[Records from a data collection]
§

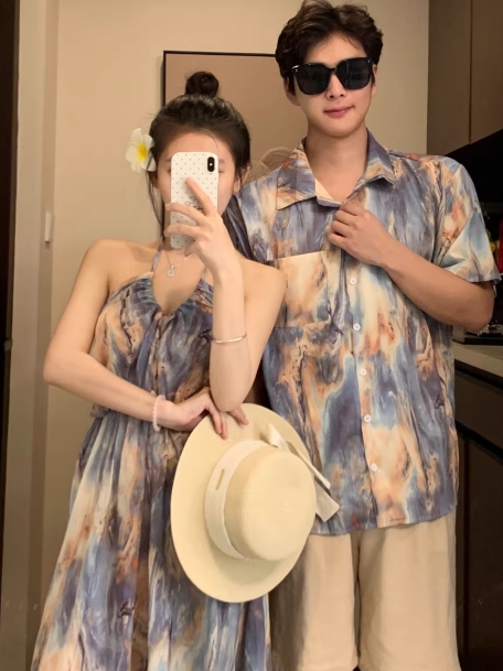 法式情侣装夏季新款度假风沙滩海边吊带女连衣裙旅游宽松一裙一衣
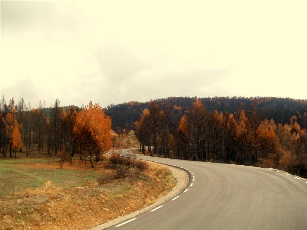 Una vez hemos repuesto las fuerzas nos toca volver a subir y esta vez con las secuelas del desagradable paisaje del incendio forestal que le toco vivir a la localidad de Chequilla. Yo nunca había estado tan cerca de una zona afectada por un incendio e impresionan, el corazón se te encoge y sientes rabia por ver el paisaje muerto, los troncos yaciendo en sus lapidas negras de carbón y el ocre de lo seco, de lo yermo coronando las copas de los pinos que no se chamuscaron.
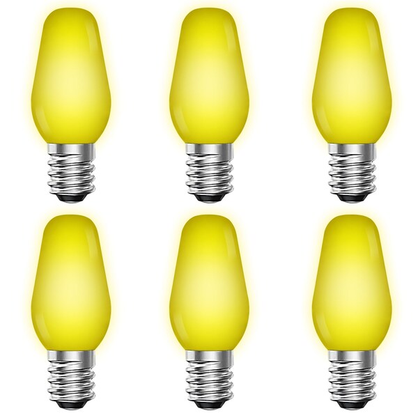 C7 LED Yellow Light Bulbs for String Lights 0.5W Enclosed Fixture Rated E12 Candelabra Base, 6PK
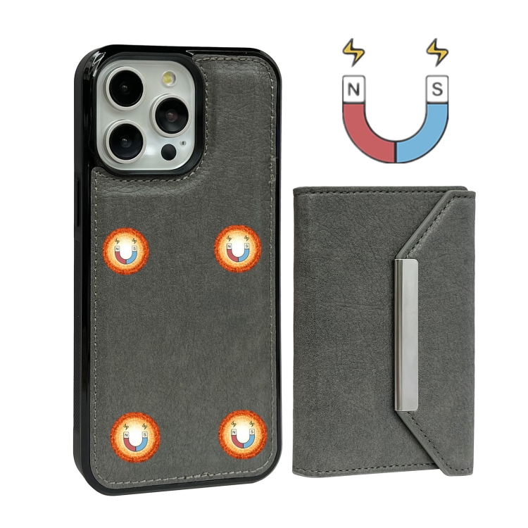 Funda para Teléfono iPhone 13 Pro con Bolsa y Ranuras para Tarjetas con Hebilla de Metal (Gris)
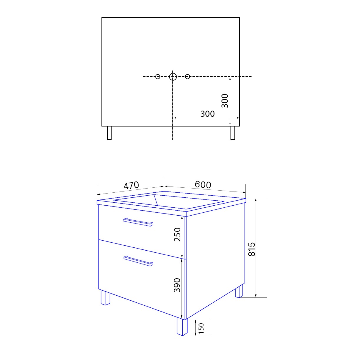 - Размеры: Компактные габариты тумбы (600х470х815 мм) позволяют ей идеально вписаться даже в небольшие ванные комнаты, при этом обеспечивая достаточно места для хранения.
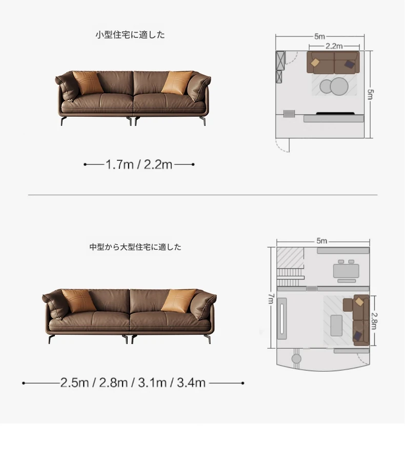 イタリアンミニマリズム真皮ソファ|上質な牛革使用|リビングにぴったりの小型デザイン|軽やかなラグジュアリー感|モダンでレトロな一字型|空間を引き立てるシンプルな美しさ!
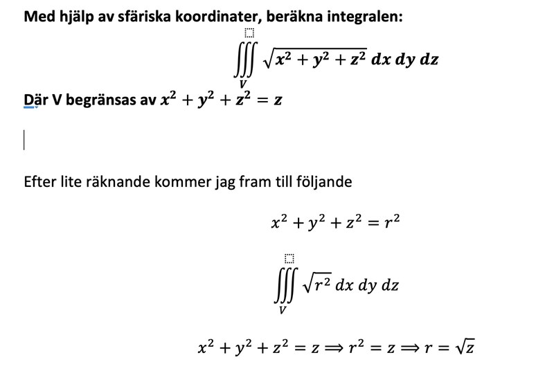 Trippelintegral med sfäriska koordinater.

§

• EXERCISE: Only the lines from the one containing "C7 LED Yellow" through the final line of the records should be transcribed, exactly and with no pictures.

• RESULT:
 C7 LED Yellow Light Bulbs for String Lights 0.5W Enclosed Fixture Rated E12 Candelabra Base, 6PK
 Funda para Teléfono iPhone 13 Pro con Bolsa y Ranuras para Tarjetas con Hebilla de Metal (Gris)
 - Размеры: Компактные габариты тумбы (600х470х815 мм) позволяют ей идеально вписаться даже в небольшие ванные комнаты, при этом обеспечивая достаточно места для хранения.
 イタリアンミニマリズム真皮ソファ|上質な牛革使用|リビングにぴったりの小型デザイン|軽やかなラグジュアリー感|モダンでレトロな一字型|空間を引き立てるシンプルな美しさ!
 Trippelintegral med sfäriska koordinater.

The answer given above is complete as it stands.